Vlad asks if the Swizz Beatz version of “Ether” featured the same lyrics Nas used on the album version. “[There were] little variations. I’m sure you heard of the ‘Dame Dash/Plane crash’ and all that sh*t with the rhymes and sh*t? [He basically said], I’m sorry Aaliyah; I’m sorry it was you in the plane crash, it should’ve been Jay and Dame Dash.” Vlad admits that he was unaware of this history. Large Professor shrugs that he’s hesitant to discuss any further, given that Nas and JAY-Z made peace in 2005. “Nah, it was a bunch of ’em—I don’t even wanna, ’cause they went through that. It was good.” DJ Vlad asks again about the carryover from the first version of the song. “He took the crux of that first one he did with Swizz and did a lil’ re-edit with the Ron Browz [produced] joint.”
“Ether” released in early December, approximately two weeks before Stillmatic. Aaliyah had died in a plane crash in the Bahamas less than four months earlier. At the time of her death, the 22-year-old singer was dating Damon “Dame” Dash, Jay’s manager who also co-founded Roc-A-Fella Records with the rapper as well as Kareem “Biggs” Burke. Nas had worked with Aaliyah on 1999’s “You Won’t See Me Tonight.”

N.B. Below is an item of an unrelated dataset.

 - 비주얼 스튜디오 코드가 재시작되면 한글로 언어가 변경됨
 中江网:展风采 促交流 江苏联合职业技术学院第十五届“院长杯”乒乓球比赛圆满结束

As the discussion continues, Large Professor offers some commentary to the 2001 back-and-forth. “I didn’t like that sh*t at all, the ‘Super Ugly,’” he says of Jay’s response to “Ether.” Comparing “Ether” to Jay’s Blueprint inclusion, Extra P says that “The Takeover” is superior. Notably, he points to Hip-Hop pillar in breakin’, suggesting that Kanye West’s production is better at moving bodies than Ron Browz’ slow and dramatic beat.
The mother of one of Nas’ children, Carmen Bryan, was also involved. Jay boasted having a romantic affair with her in the disses, and leaving condoms in the baby-seat. Large Professor, who first introduced Nas and Carmen, calls that situation “messy” after Vlad plays a clip from his 2017 interview with her.

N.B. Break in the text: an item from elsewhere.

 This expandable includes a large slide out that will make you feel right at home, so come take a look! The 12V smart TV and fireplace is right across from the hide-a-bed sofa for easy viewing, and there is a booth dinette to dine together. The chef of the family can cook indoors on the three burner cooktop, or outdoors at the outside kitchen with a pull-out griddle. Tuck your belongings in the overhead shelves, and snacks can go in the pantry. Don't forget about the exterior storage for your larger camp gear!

Vlad then mentions the 2005 armistice between the two rappers who had worked together alongside Shaquille O’Neal in 1996 on the mixtape version of “No Love Lost.” “I loved it, because I know the origin,” says the MC/producer/DJ. “Like, we were all on that tour [as JAY-Z rapped about on ‘Takeover’]. We were all humble at that time. Jay was on his mischievous street sh*t. That was the thing that was good: when Jay came out and he was talking that criminal mischief sh*t, I had actually seen inklings of that sh*t while we were on tour. Like him and Irv [Gotti] and them would dip off and sh*t, and then they’d come back and they’d have bags [and other luxury items]. So all that ‘What you doin’ on Pico with Frederico‘ sh*t was actually happening.” He says that it reminded him of Nas, who he had mentored since the demo record days. “To see them come through, their f*ckin’ backgrounds are so similar. It’s almost the same f*ckin’ story. Dogs, somebody gonna have to figure this sh*t out, ’cause y’all working together is better than y’all workin’ apart.”
Large Professor is currently working on music with his co-founders in Main Source, K-Cut and Sir Scratch. They have not released an album together since 1991’s Breaking Atoms. That Wild Pitch Records album includes the first appearance of Nas on wax.